### The task
After locating the line that holds "キョーエイ羽ノ浦店さんの向い、白い外観の建物の1階がカーブス阿南羽ノ浦店です。", copy that line and all that follow it word for word through the end of the data, with no pictures.

Entries taken from a collection:
___

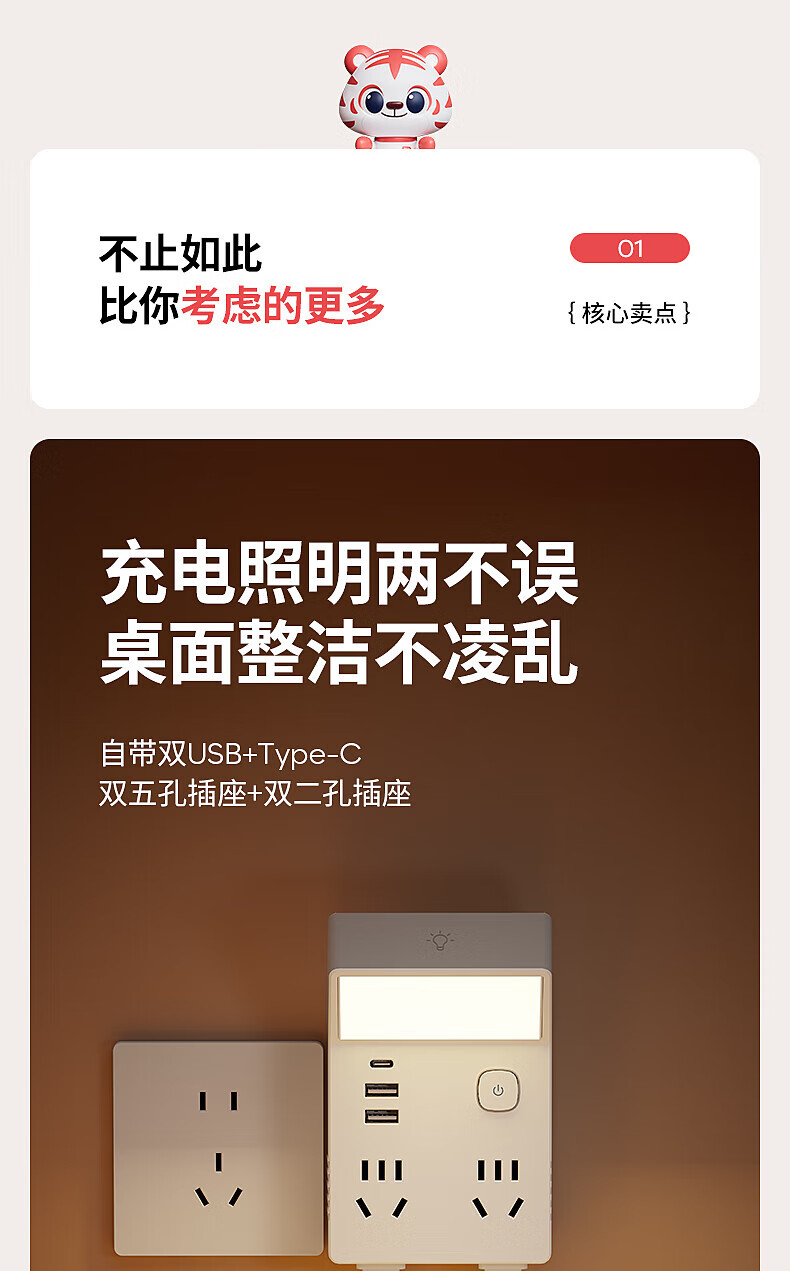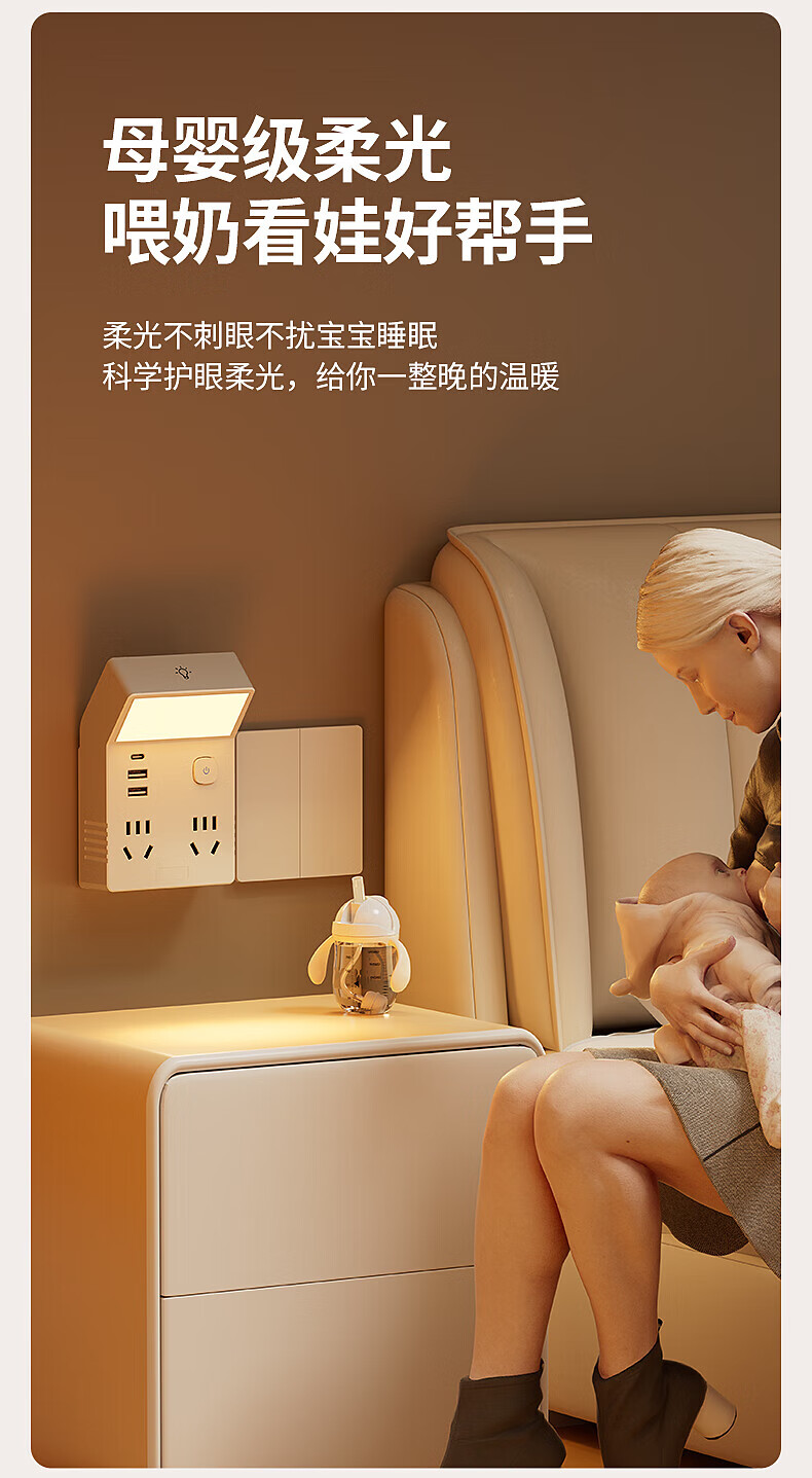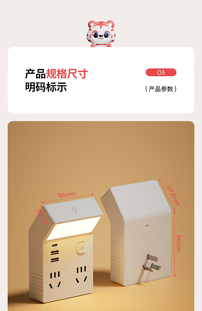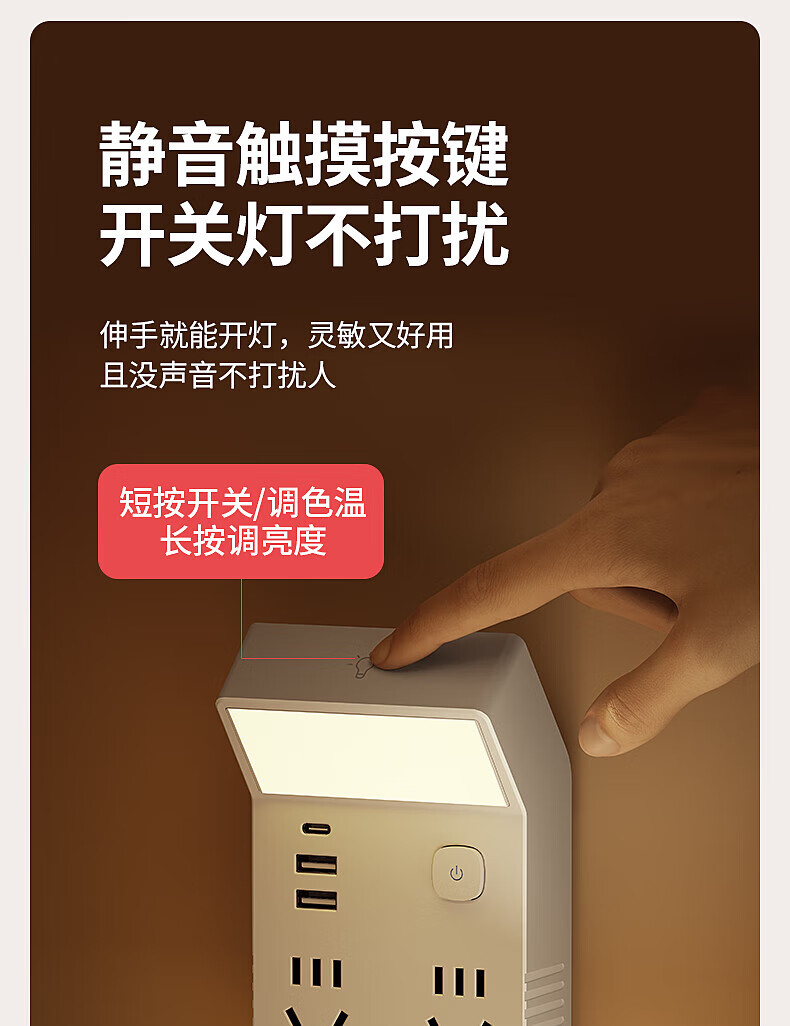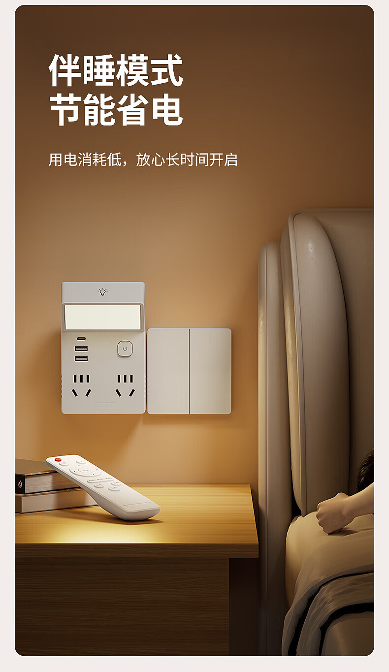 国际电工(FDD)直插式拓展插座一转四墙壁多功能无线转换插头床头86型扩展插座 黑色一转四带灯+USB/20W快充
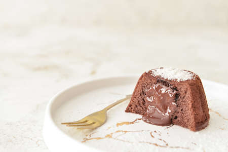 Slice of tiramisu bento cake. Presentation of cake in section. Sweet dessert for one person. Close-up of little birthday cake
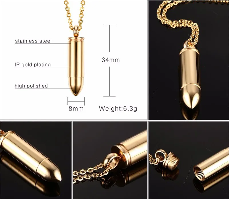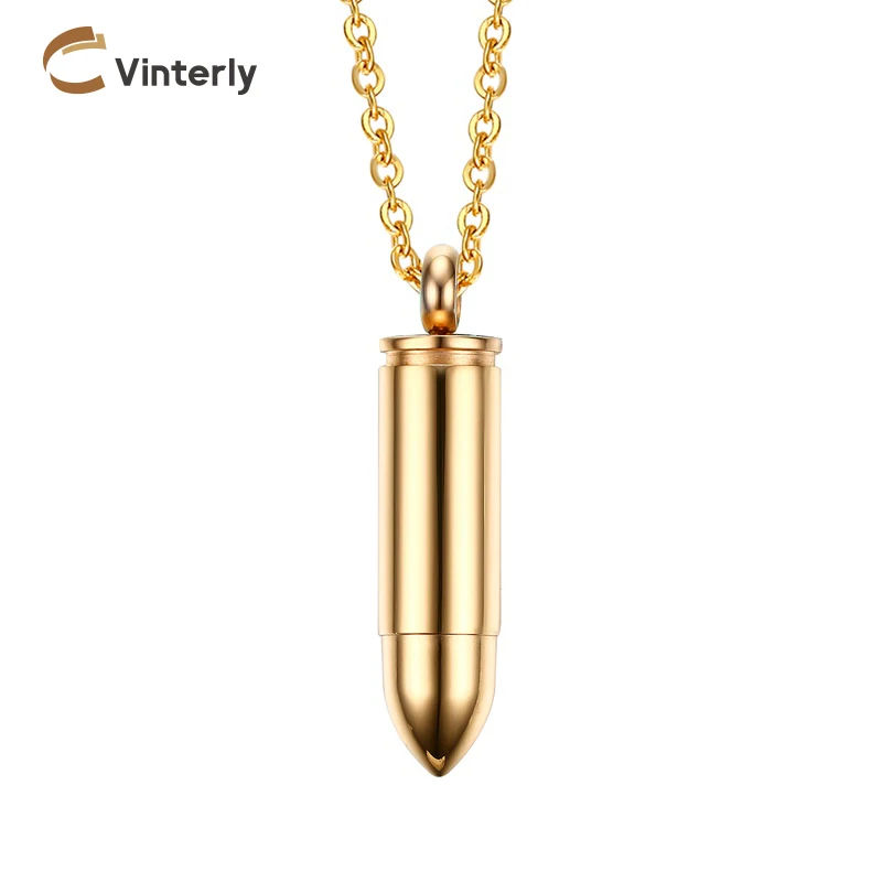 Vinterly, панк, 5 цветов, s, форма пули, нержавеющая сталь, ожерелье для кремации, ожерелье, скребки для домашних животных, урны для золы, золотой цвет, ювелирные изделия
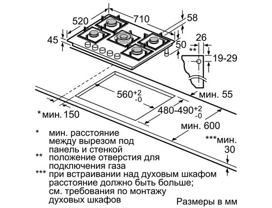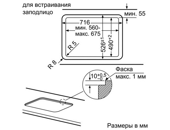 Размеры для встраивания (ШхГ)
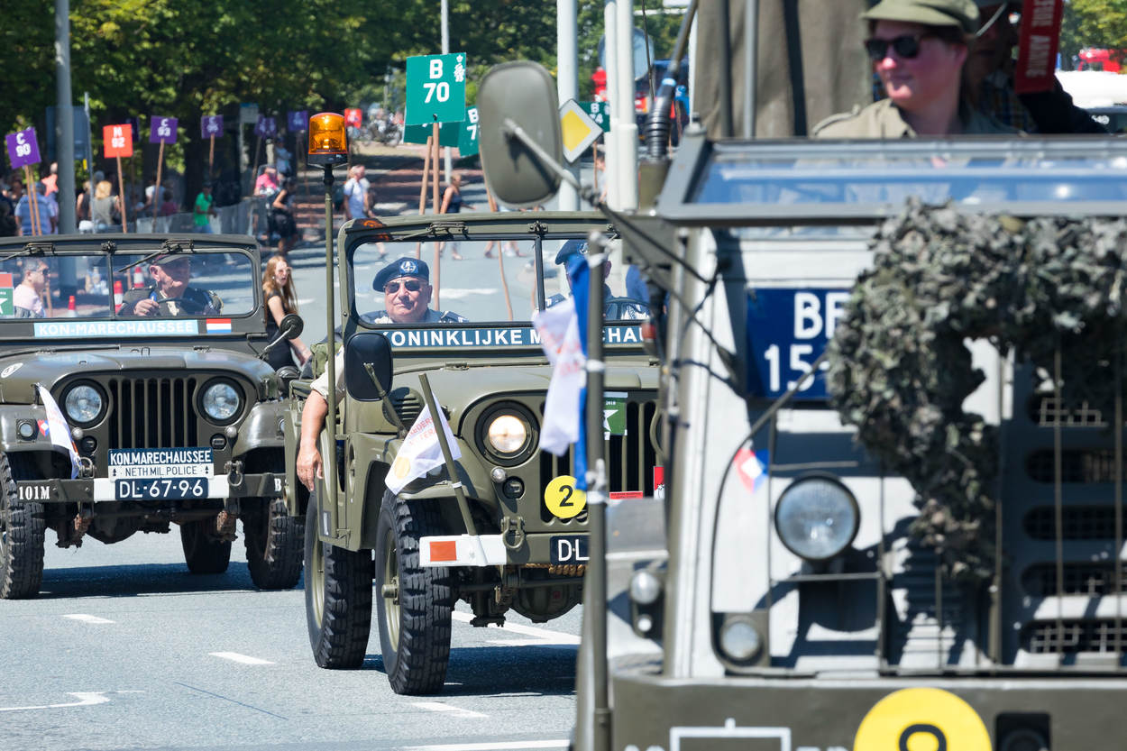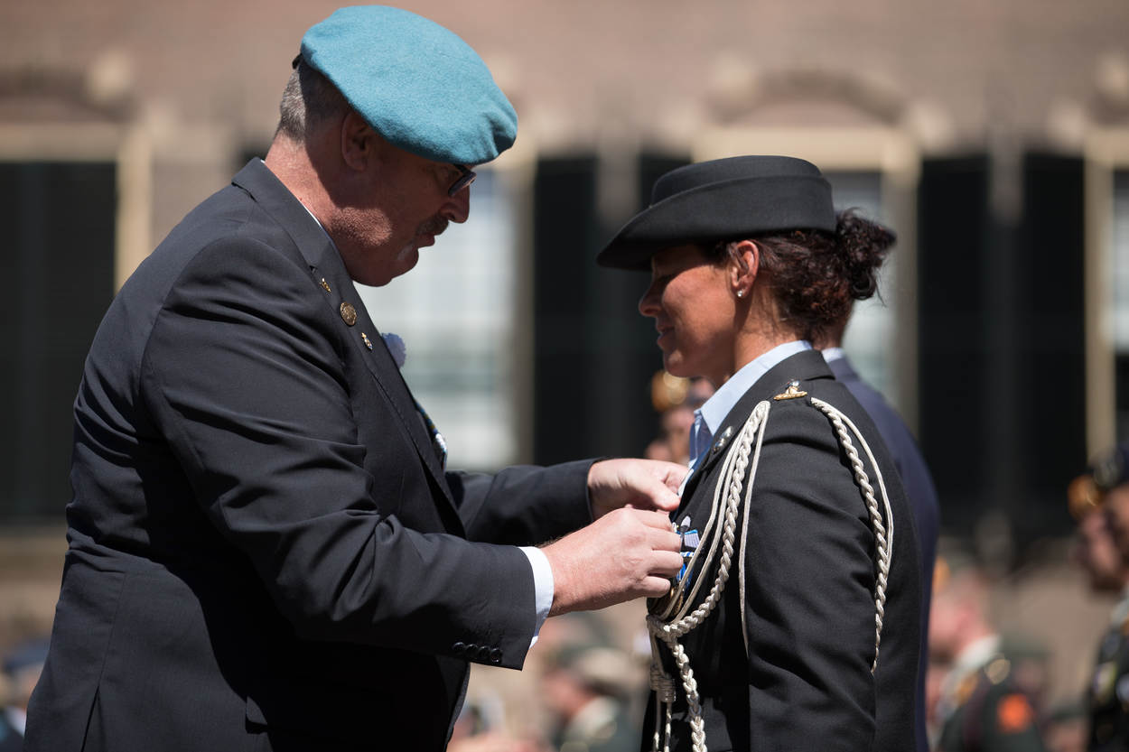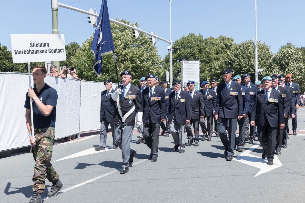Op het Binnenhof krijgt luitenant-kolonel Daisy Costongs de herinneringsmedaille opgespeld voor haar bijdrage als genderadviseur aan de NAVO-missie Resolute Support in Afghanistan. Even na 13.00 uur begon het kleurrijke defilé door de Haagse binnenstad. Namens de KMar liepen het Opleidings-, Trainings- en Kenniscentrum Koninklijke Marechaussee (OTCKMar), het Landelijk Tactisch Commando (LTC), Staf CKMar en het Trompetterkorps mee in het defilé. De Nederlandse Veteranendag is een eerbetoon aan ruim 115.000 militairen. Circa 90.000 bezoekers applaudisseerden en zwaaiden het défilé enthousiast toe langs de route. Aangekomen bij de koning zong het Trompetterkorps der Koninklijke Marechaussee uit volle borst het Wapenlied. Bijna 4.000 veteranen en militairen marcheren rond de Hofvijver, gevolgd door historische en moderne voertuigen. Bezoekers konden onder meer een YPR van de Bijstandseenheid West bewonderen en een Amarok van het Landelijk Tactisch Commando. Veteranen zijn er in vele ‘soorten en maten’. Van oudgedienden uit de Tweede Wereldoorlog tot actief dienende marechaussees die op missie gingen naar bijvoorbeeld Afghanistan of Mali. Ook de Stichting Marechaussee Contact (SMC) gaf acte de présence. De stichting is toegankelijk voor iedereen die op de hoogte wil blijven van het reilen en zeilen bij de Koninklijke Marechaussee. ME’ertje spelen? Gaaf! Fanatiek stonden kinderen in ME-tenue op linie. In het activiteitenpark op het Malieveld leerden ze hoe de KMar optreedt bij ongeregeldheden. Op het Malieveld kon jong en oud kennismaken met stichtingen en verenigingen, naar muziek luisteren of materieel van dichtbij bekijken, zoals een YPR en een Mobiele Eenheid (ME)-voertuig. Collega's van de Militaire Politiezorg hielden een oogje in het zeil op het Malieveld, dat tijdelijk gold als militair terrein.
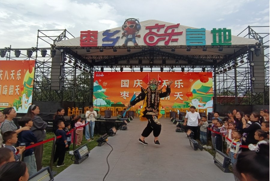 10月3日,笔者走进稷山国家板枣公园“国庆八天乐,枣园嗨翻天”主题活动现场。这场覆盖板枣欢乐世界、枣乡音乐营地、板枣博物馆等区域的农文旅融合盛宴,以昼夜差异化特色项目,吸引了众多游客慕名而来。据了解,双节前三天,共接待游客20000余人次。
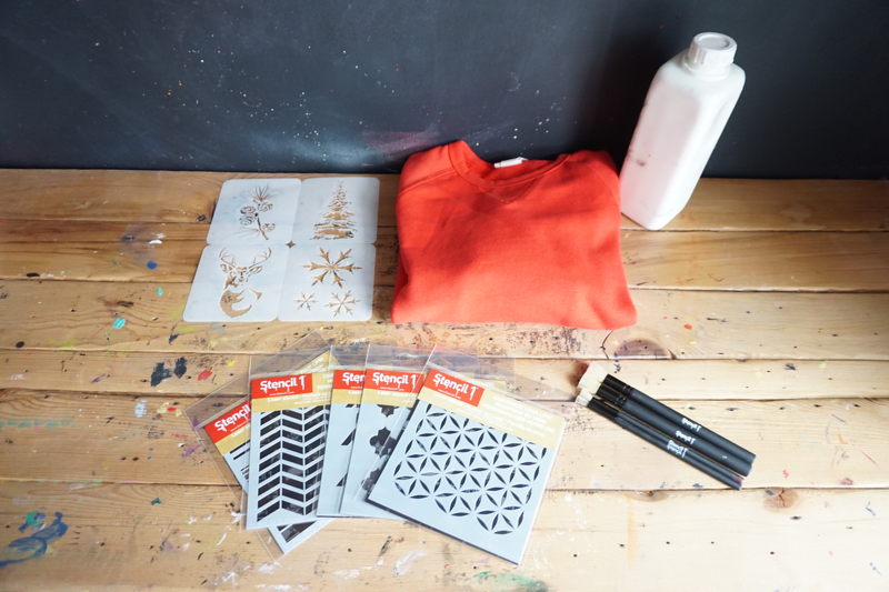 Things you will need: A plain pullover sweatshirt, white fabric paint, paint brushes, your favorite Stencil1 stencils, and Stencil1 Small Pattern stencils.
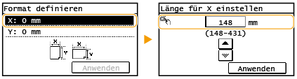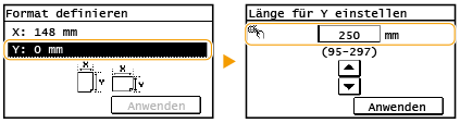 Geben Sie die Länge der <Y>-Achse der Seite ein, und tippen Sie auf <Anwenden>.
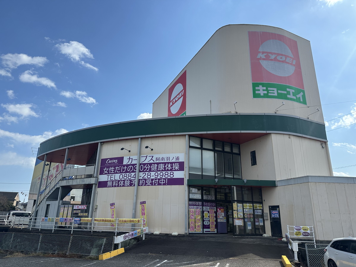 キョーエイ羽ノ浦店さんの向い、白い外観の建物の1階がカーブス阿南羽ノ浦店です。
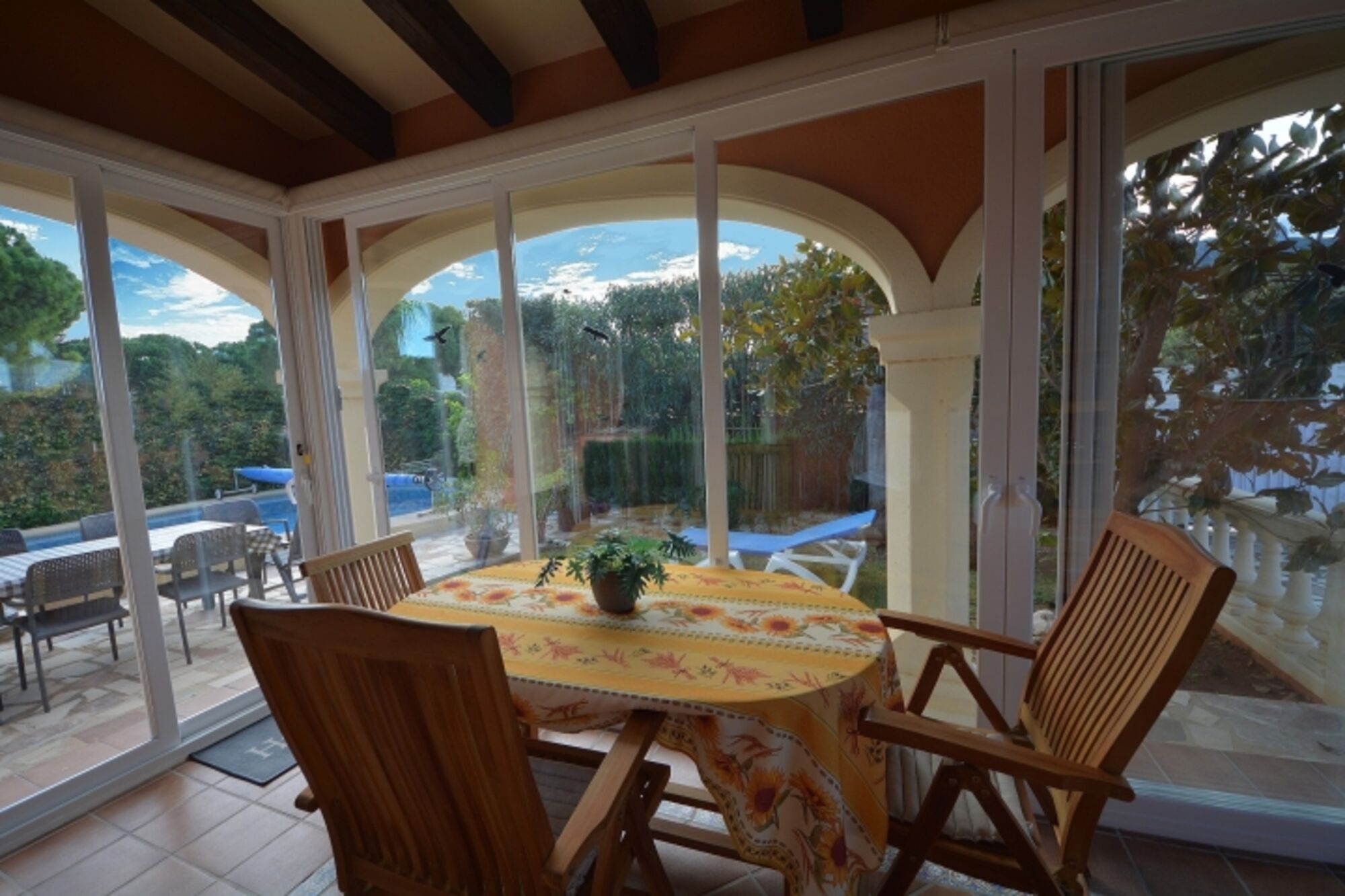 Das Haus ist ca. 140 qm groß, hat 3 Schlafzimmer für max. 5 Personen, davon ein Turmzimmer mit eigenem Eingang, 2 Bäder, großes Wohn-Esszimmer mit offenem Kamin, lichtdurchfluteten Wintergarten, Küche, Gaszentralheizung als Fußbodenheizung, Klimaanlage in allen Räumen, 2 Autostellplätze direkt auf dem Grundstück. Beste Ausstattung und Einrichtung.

___

### Task output
 キョーエイ羽ノ浦店さんの向い、白い外観の建物の1階がカーブス阿南羽ノ浦店です。
 Das Haus ist ca. 140 qm groß, hat 3 Schlafzimmer für max. 5 Personen, davon ein Turmzimmer mit eigenem Eingang, 2 Bäder, großes Wohn-Esszimmer mit offenem Kamin, lichtdurchfluteten Wintergarten, Küche, Gaszentralheizung als Fußbodenheizung, Klimaanlage in allen Räumen, 2 Autostellplätze direkt auf dem Grundstück. Beste Ausstattung und Einrichtung.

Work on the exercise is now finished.